The multihyphenate musician and scholar comes to USC from the NYU Tisch School of the Arts.
Renowned music scholar and musician Jason King has been named dean of the USC Thornton School of Music, effective July 1, USC announced Tuesday.
King currently serves as chair of the Clive Davis Institute of Recorded Music at Tisch School of the Arts, New York University. He is the institute’s founding full-time faculty member, and he developed the program alongside Davis, the famed music impresario.
“Dr. Jason King’s talents — coupled with USC Thornton’s incredible students, faculty and staff — will be a dynamic formula to expand musical education at this exceptional 139-year-old school known for enriching the arts and humanity,” USC President Carol L. Folt said.
Elizabeth Graddy, USC’s interim provost and senior vice president for academic affairs, agreed. “We are excited that Dr. King will be able to leverage his strong network and interdisciplinary experience of performance, teaching, production, research and business acumen to benefit the Thornton School of Music community,” she said.

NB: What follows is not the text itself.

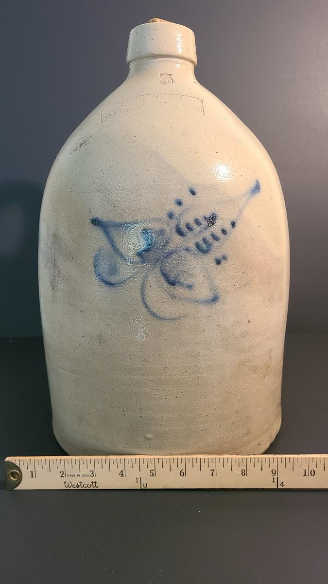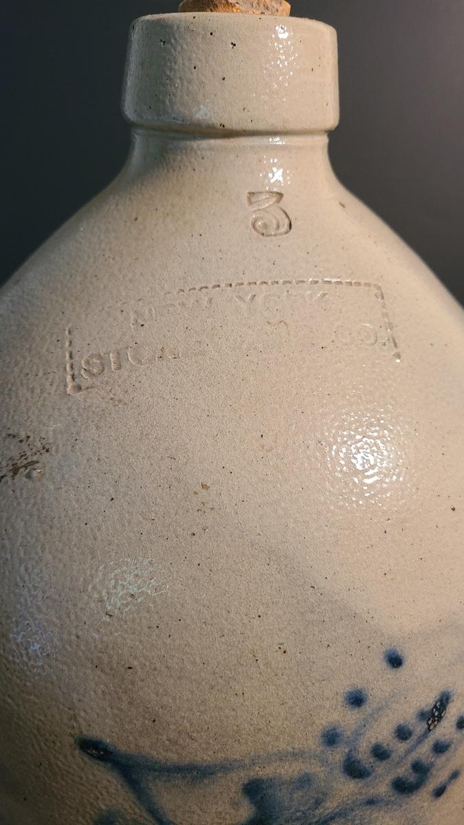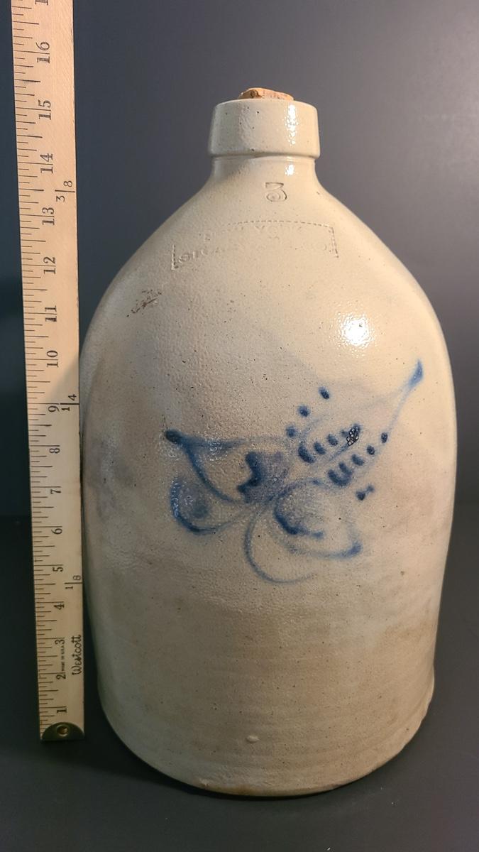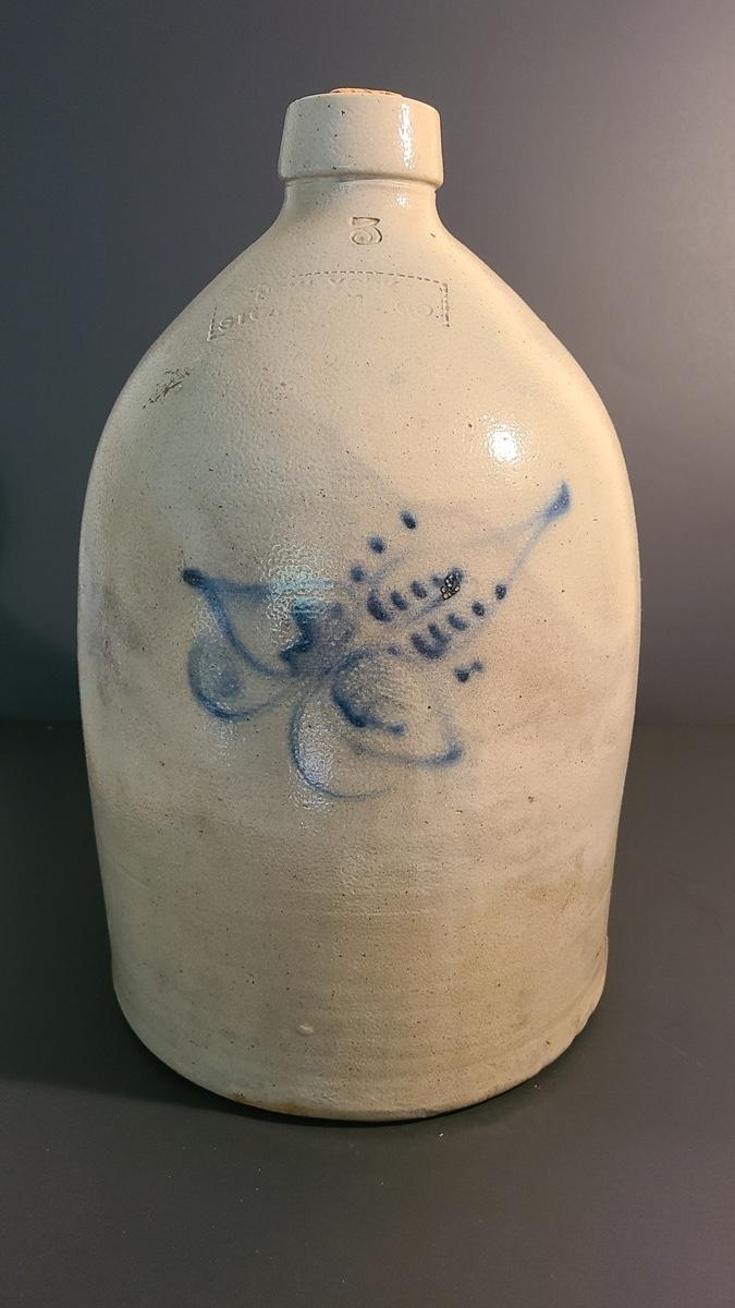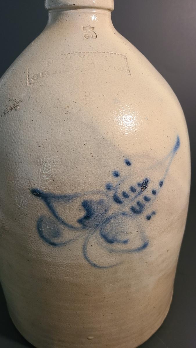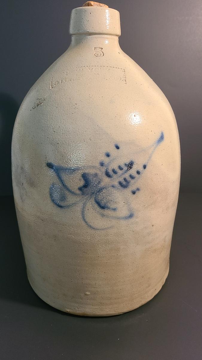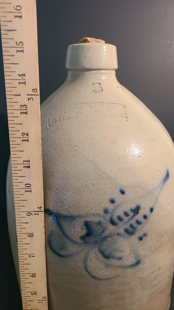 Antique salt glaze jug with cobalt blue design, stamped New York Stoneware Co 3. Please see pictures as they are the best representation of the item, the condition of the item, and the size of the item.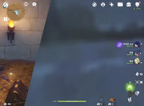 펌프 오른쪽으로 돌림 - 빨간 표시된 장치 가까이 가면 구조체 2마리 나옴, 잡으면 선령같은 빛 생김 - 펌프를 왼쪽으로 돌림 - 선풍기 끔 - 불빛 이동시킴. |

King’s musical interests and accomplishments span multiple genres, including classical, pop, R&B, gospel, jazz, rock and other styles.
As a scholar and public intellectual with a doctorate from NYU, King has created multidisciplinary work in the fields of African American and African Diasporic cultural studies; performance studies, globalization and transnationalism studies; media and technology studies; music business, marketing and branding studies; and gender and queer studies.
New USC Thornton dean has long history as scholar and journalist
An inaugural member of the Hip Hop Culture Council at the John F. Kennedy Center for the Performing Arts and the Black Genius Brain Trust, King serves on the editorial board of the Journal of Popular Music Studies. He brings a long history of publications as a scholar and a journalist, and extensive experience working with internationally known media outlets on series, podcasts and documentaries.
“I think of myself as an institution builder: somebody who can identify an opportunity and build a structure and institution around that opportunity,” King said. “I see an opportunity with USC Thornton to take an already legendary school and help shape its 21st-century vision of what a music school can be.
“From all the meetings I had — with President Folt, with the students, with the staff, with the faculty — I felt an overwhelming sense of exuberance and commitment to excellence,” he added. “USC Thornton felt like a place of great love — a place that wasn’t just a school, but a place that people felt was a kind of home.”